• [YOUR GOAL]
Look through the entries below and copy exactly the part that begins with the line containing "校报学生记者、广播站编播员、" and ends with the line containing "My brother, partner". Do not copy the pictures.

• [SUPPLIED MATERIAL]
- Opening Delimiter -

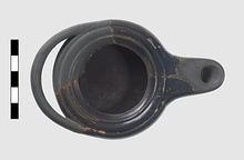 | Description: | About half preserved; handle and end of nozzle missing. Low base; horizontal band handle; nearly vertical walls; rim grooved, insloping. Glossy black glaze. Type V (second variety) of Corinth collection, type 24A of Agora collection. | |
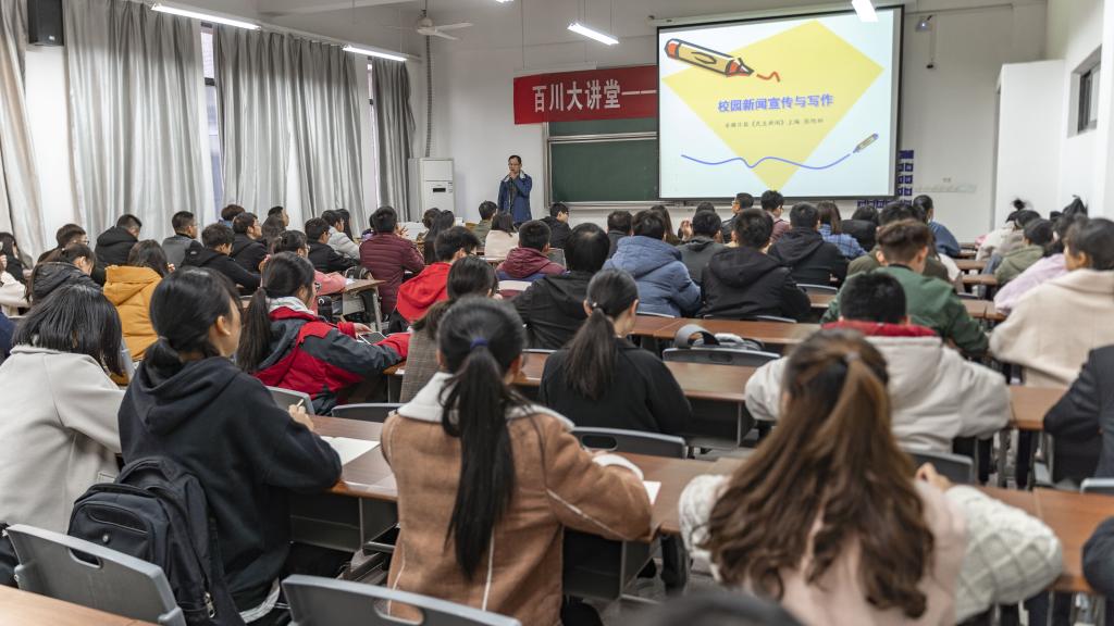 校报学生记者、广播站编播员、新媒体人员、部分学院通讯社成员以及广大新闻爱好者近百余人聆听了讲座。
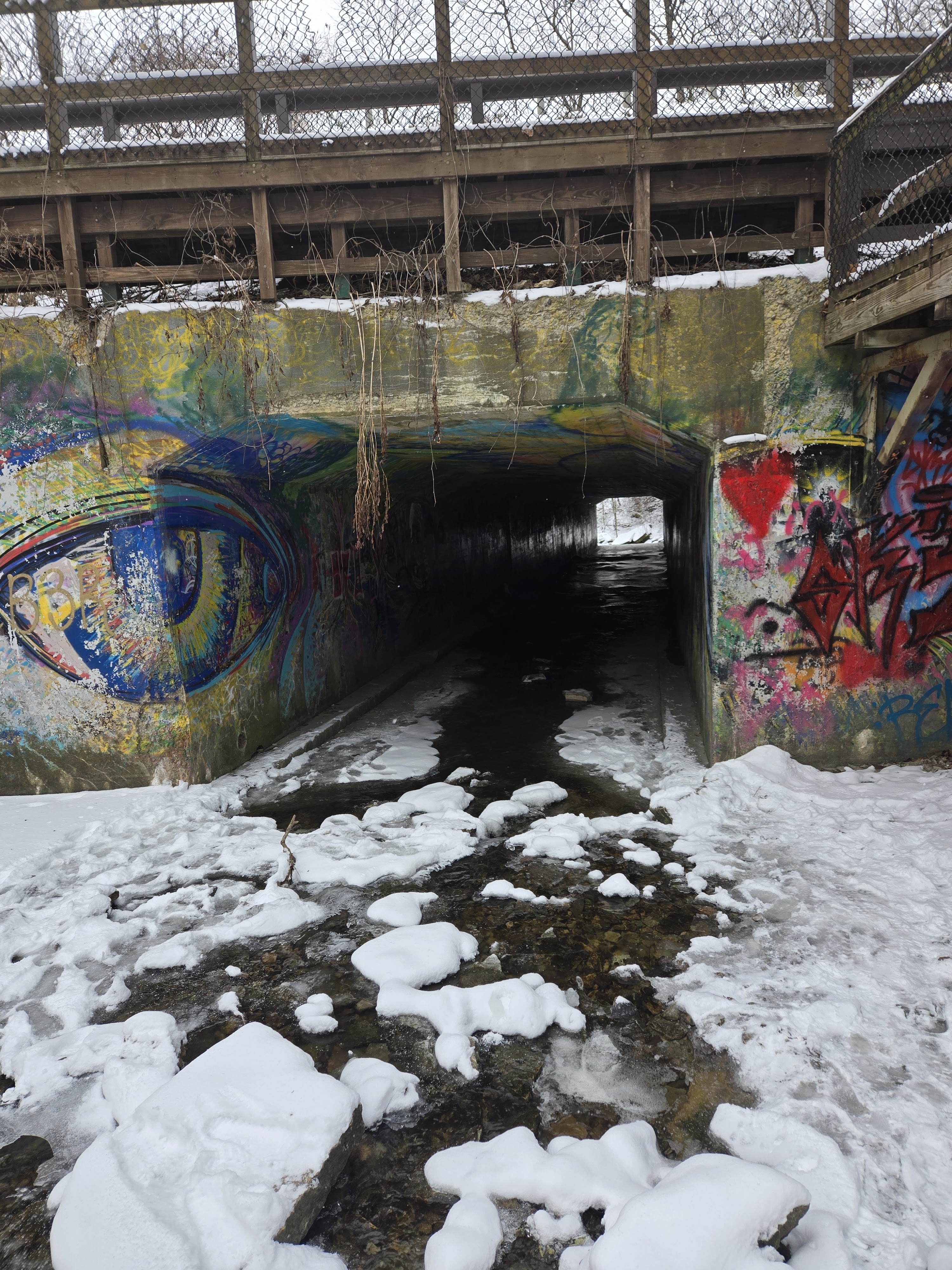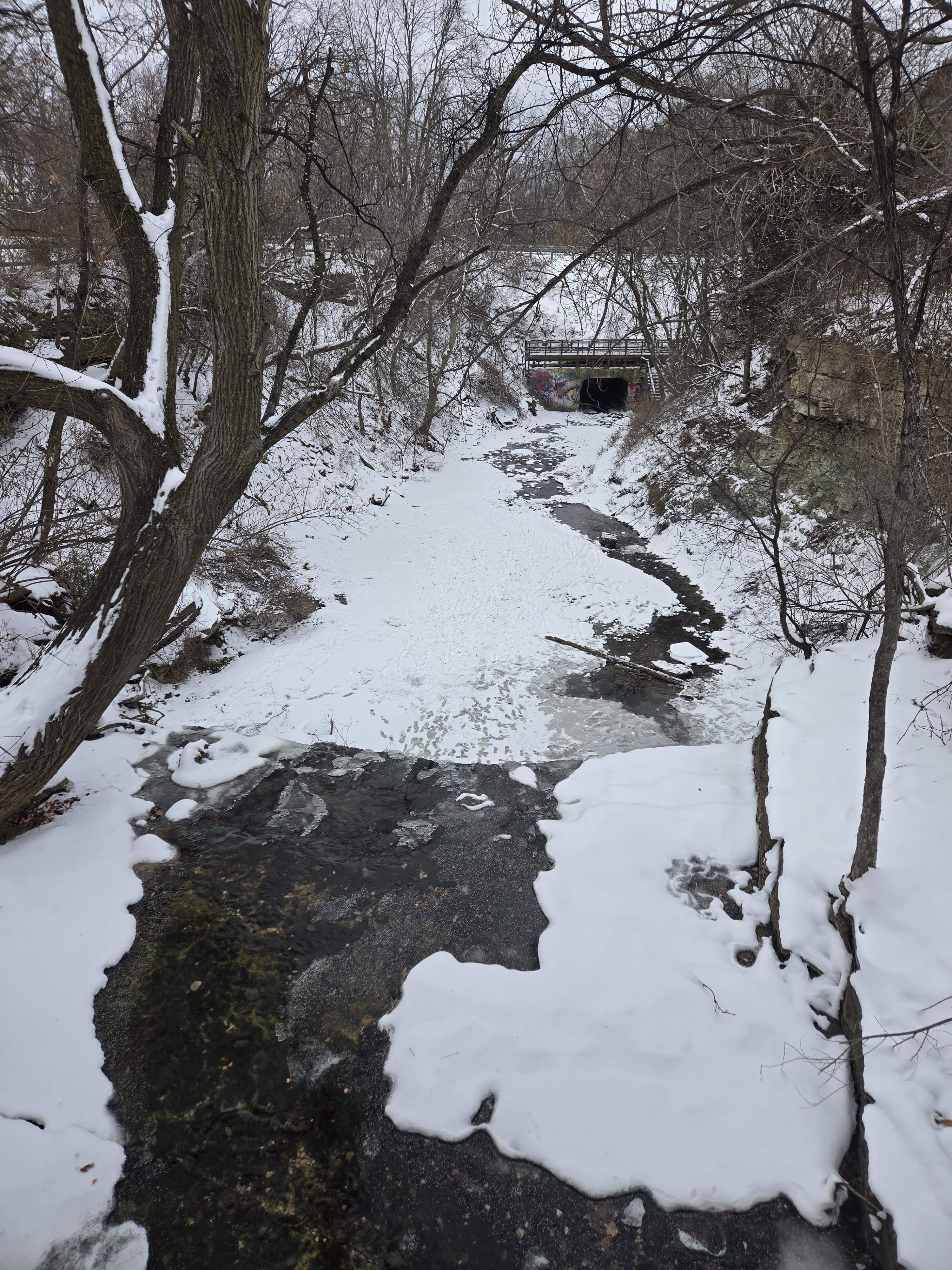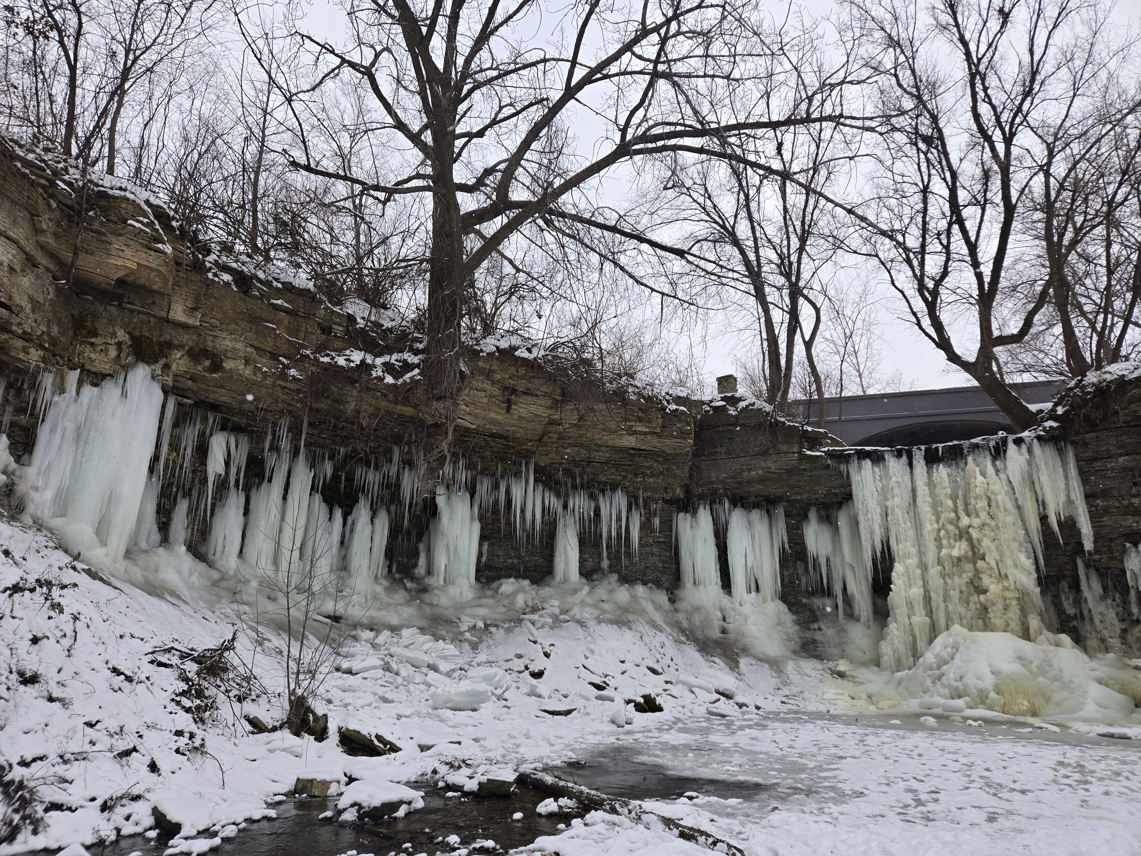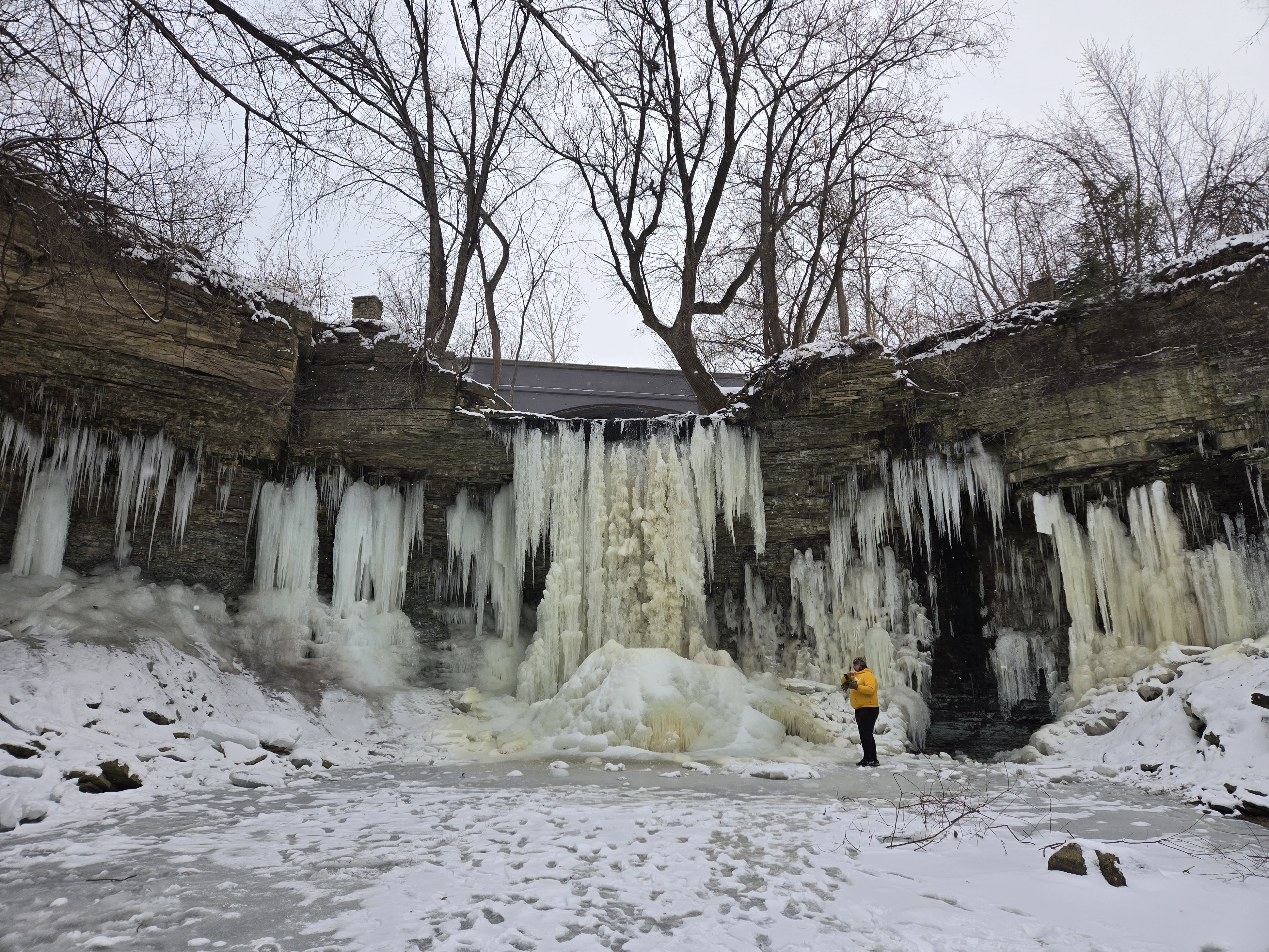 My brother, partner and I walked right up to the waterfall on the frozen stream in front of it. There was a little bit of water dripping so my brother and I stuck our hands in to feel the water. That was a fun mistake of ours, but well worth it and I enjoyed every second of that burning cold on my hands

- Closing Delimiter -
- Opening Delimiter -

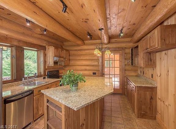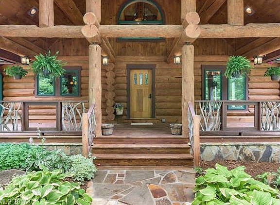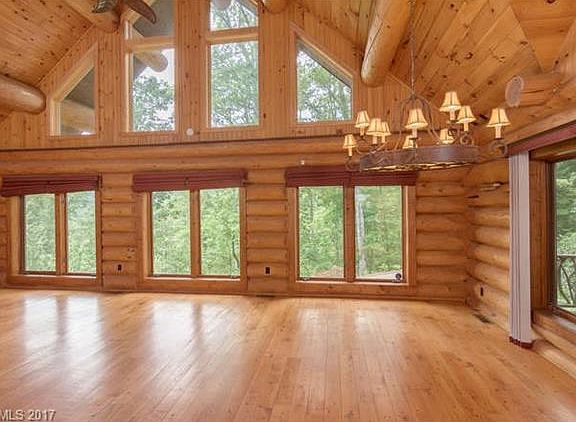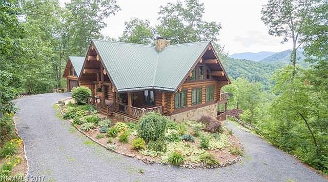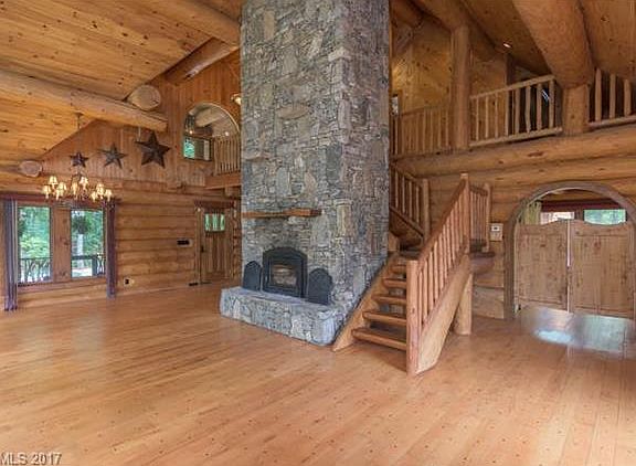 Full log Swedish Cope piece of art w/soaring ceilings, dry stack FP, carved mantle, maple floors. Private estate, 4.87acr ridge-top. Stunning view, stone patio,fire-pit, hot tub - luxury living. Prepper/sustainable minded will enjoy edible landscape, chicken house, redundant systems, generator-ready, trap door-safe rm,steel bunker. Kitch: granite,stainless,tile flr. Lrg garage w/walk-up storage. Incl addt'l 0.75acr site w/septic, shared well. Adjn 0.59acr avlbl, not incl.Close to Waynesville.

- Closing Delimiter -

• [ANSWER]
 校报学生记者、广播站编播员、新媒体人员、部分学院通讯社成员以及广大新闻爱好者近百余人聆听了讲座。
 My brother, partner and I walked right up to the waterfall on the frozen stream in front of it. There was a little bit of water dripping so my brother and I stuck our hands in to feel the water. That was a fun mistake of ours, but well worth it and I enjoyed every second of that burning cold on my hands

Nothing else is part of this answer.